Digital music is extending physical (analogue) and musical (remix, sampled) boundaries, across places (geographically) and spaces (public and private).  Sterne (2006) bemoans that in academic literature the study of sound gets ignored: within academic circles, most of the attention in the context of digitality is focusing on imagery. YouTube manages to treat uploads as ‘entities’, without apparent discrimination, in as far that images and sounds receive the same interface: at times,  fans upload moving images on other occasions, uploads will be sound files, accompanied by a single image. Sterne (2006,p.19) reflects on the making of the movie 'The Matrix' which first saw the special technique of ‘image sampling’: images are shot from real life situations, digitised into a computer, and scenes are then recreated virtually. YouTube can be seen as performing the same function: live music footage (analogue and digital) gets uploaded, and re-appropiated into computer-generated environments. As Sterne suggests, virtuality has become multi-sensory. I would like to suggest that YouTube can be a digital video sampling tool, shot from different angles, many phone cameras taking images of the same live performance, a visual treat, although not every footage is necessarily of the same quality but that the music fan may ignore.

Grusin (2009, p. 61) defines YouTube’s ‘remediality’ through 'the immedicay of its extensive, seemingly global monitoring and through the hypermediacy of its multiple network of YouTube users, bloggers, news media and social networkers and so forth'.

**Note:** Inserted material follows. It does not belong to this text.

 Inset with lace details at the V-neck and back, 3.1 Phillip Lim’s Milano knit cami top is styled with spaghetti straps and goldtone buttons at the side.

These concepts of 'remediality', 'immediacy' and 'hypermediacy' which Grusin, and his co-author Jay David Bolter,  put forward are complex (see this blog for an explanatory note), and in essence relate to how users (including music fans) interact with online environments, the interfaces on offer (the screen-to-face) and the manipulation of any gadgets involved. This 'triangle of assemblage' allows for a temporary suspension of real life condition, and activates a simulation, a superimposition of proximity to the musical artifact: a live performance, an old video, an interview, a remix of a track.

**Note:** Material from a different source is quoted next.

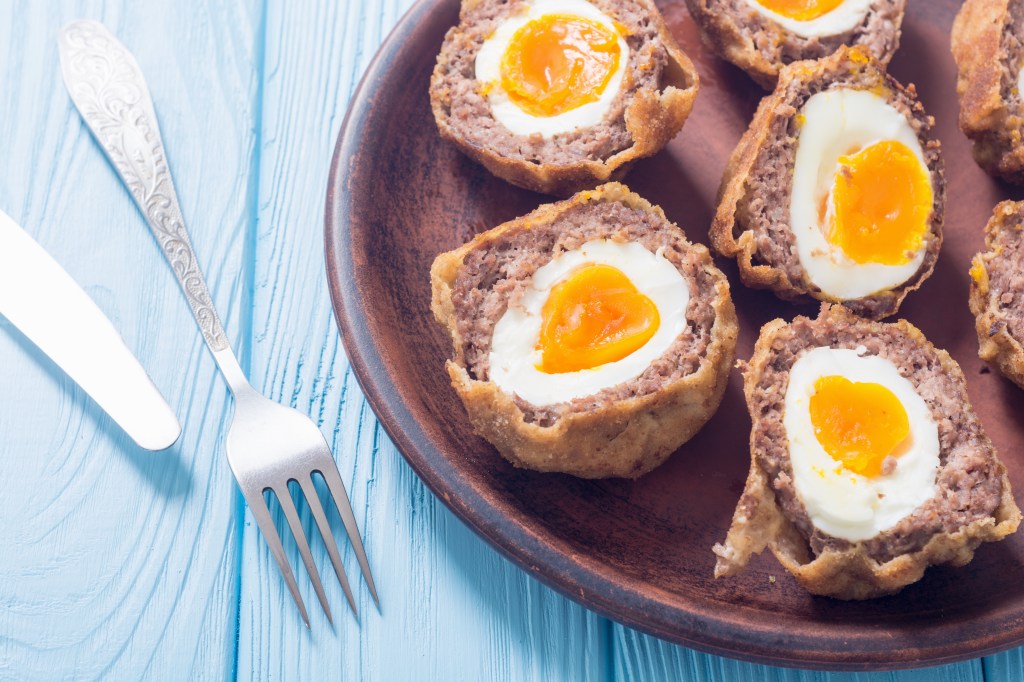 Wrap your hard-boiled eggs in sausage (turkey sausage is an option if you’re trying to cut calories), roll them in seasoned breading and then deep fry them. They can be served at room temperature or warm. These are often served for breakfast or brunch.

However, as Grusin (2009, p. 66) points out, moving on from Jenkins’s suggestion of media convergence, the seamlessly interconnected network of data, media, forms and things does not stop with re-purposing of any kind of media into its digital equivalent. Today we have a proliferation of many different media forms for interacting with the network, different appliances such as phones, consoles, PCs, laptops, pads etc which all carry an increased proliferation of interconnected media interfaces (not only YouTube but the variety of social media platforms such as Facebook, Twitter etc. ) and ‘leaving as many traces  of yourself on as many media becomes a culturally desirable goal’. Creating these active feedback loops through liking, re-posting, commenting thus contributes to the perpetuation of the music fan’s pleasurable experience.  Where we used to have a convergence of mass media, we now see a 'divergence of audience and message, temporarily and territorially fostering multiple points of view, a network 'long tail' embedded in thousands of  channels. (p. 66) YouTube is thus convergence and divergence simultaneously, a temporal perspective. As Burgess and Green (2009) suggest, 'YouTube reinforces not representation of reality, but technologies of representation.' (p. 41) 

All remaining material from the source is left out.